The inescapable fact is, flavor is one of the least considered factors in producer earnings. In addition, 10% of cacau beans produced are absorbed by fine chocolate producers, the remainder goes to multinationals. Until high end chocolate producers accept the fact that premium beans are in fact "premium priced" there is a serious "log jam" I do not know a single producer that is interested in selling premium beans at any cost.

A solution for those interested in long term supplies of high quality beans is to invest in the farms and take an active role in its operations. Any takers?

Jim Lucas

brian horsley
@brian-horsley
08/18/11 01:28:03PM
48 posts

as jim says, the only way to have growers interested in growing fine cacao, organic cacao, fermenting and drying, or doing anything other than low quality high volume, is to make it more profitable for them by paying a premium price for beans. and the only way to do that is to have a high end market to sell the higher priced beans into, as beans or as chocolate. so it requires a holistic approach with a strategy for moving the premium priced beans into the fine market at a profitable markup.

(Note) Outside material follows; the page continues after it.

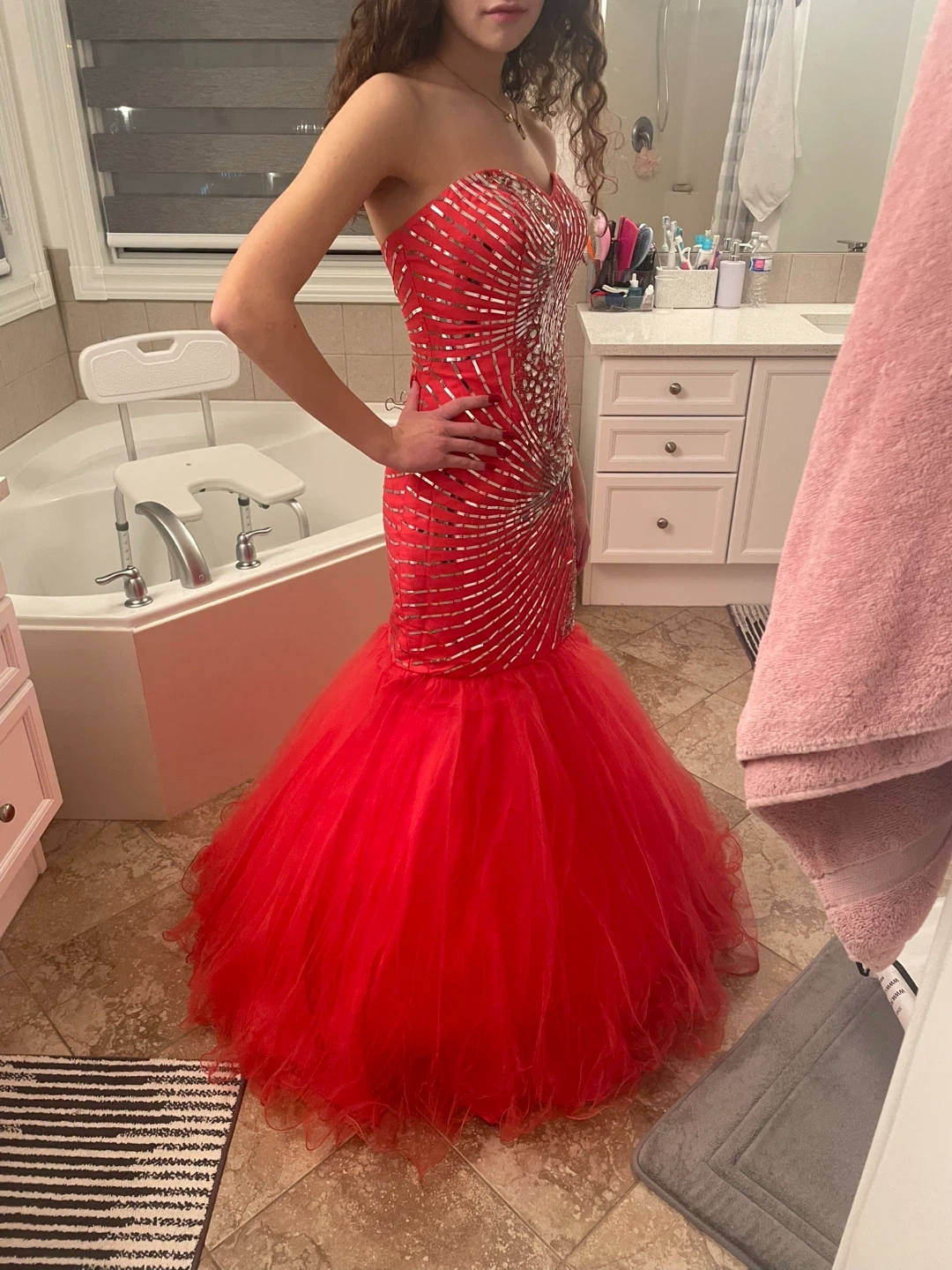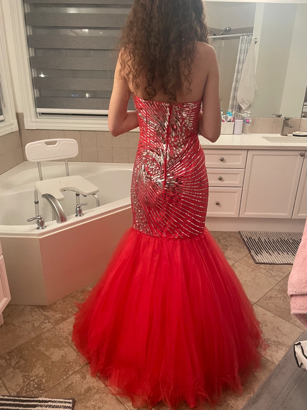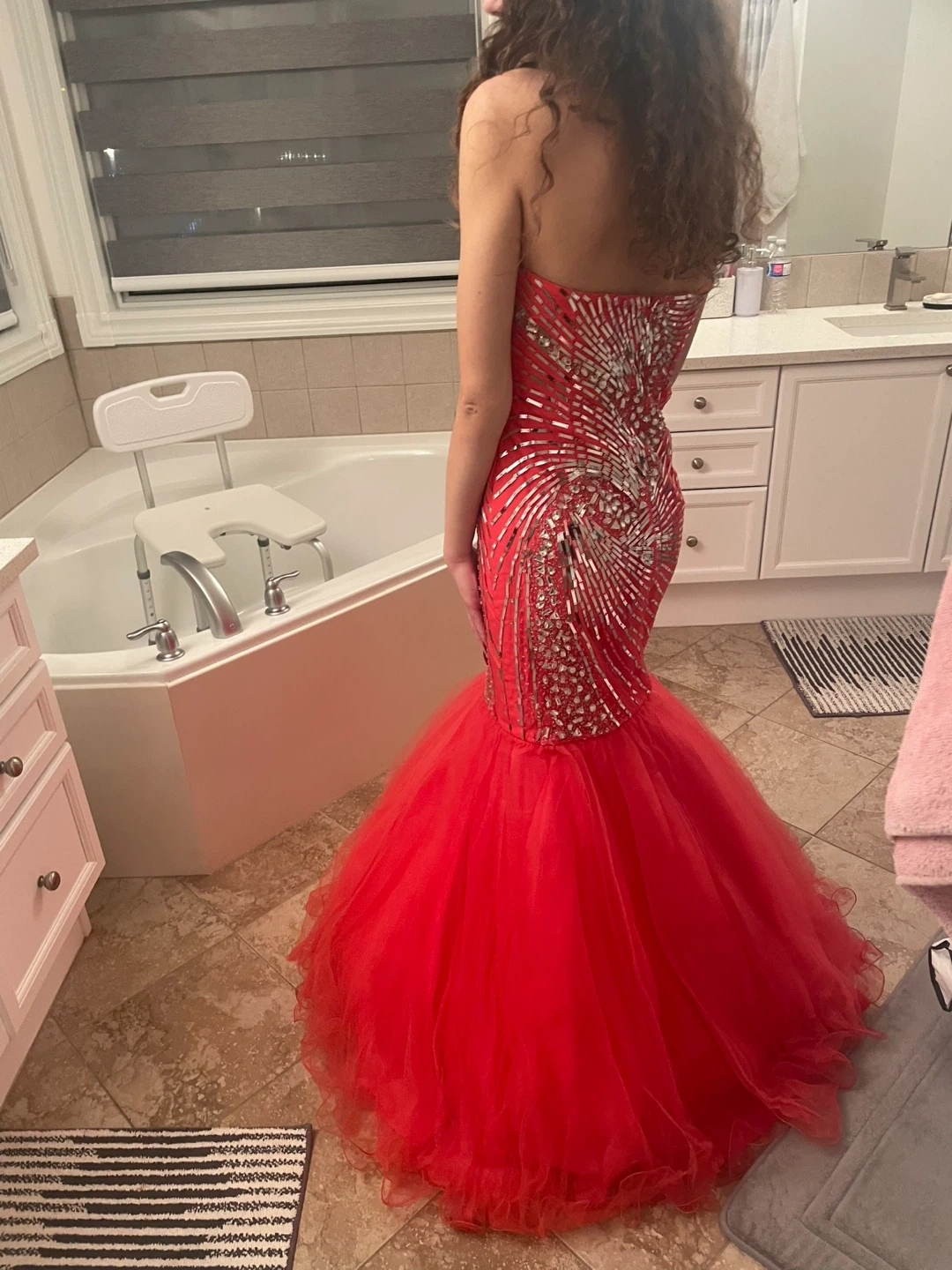Beautiful orange strapless mermaid style prom dress. It has silver detailing on the bodice and a full tulle skirt. Perfect for a special occasion!

what jim says about the discards is very important. if i ask a farmer to sell me only his best beans, what does he do with the rest? the acopiador (middleman) who used to buy all his beans will not accept only his worst beans, or will pay an unattracticely low price. what we do to address this is buy the bad beans dry at the next harvest, at local market price, transport them along with the good beans, and mix them along with our flat and small discards from my post-harvest processing plant, and sell them to an acopiador. that way the farmer is happy andthe acopiador is satisfied. its not profitable for me but its not a loss either and the farmer is happy which is the most imporant thing.

saludos

brian

Sebastian
@sebastian
08/18/11 06:42:24PM
754 posts

Having done this professionally for over 20 years, I have a fair bit of insight into what works and what doesn't, and have learned a thing or two about how systems work (or don't) in almost every origin. I'm familiar with the entire supply chain and the dynamics that are important at each of the steps - and they often are in conflict with one another. I know what motivates breeders, NGO's, farmers, middlemen, exporters, warehousers, the trade, and manufacturers.

I'm trying to say that I understand it better than most.

Hence the reason I stand by my statement that the only way to address what the original poster asked, is either

1) by creating sufficient supply demand as to 'pull' the specific requirements forward while simultaneously generating the volumes to allow product differentiation to provide an outlet for that material which does not meet the highest of standards (because it will always be there). Unfortunately, the small chocolate maker is not sufficiently coordinated to work closely with his/her peers to consolidate their demand, or they're more interested in flavor differentiation, thereby fragmenting the market and subsequently allowing for a continuation of the problem (now you have 100 buyers buying from 100 regions/farmers vs the 100 of them consolidating their purchases into a single farm, clearly identifying the post harvest parameters and handling requirements that will yield their requirements).

2) controlling the supply. buy your own farm and run it. very few can/want to do this. And you still must have product differentiation or accept low yields due to destruction of non-conforming product.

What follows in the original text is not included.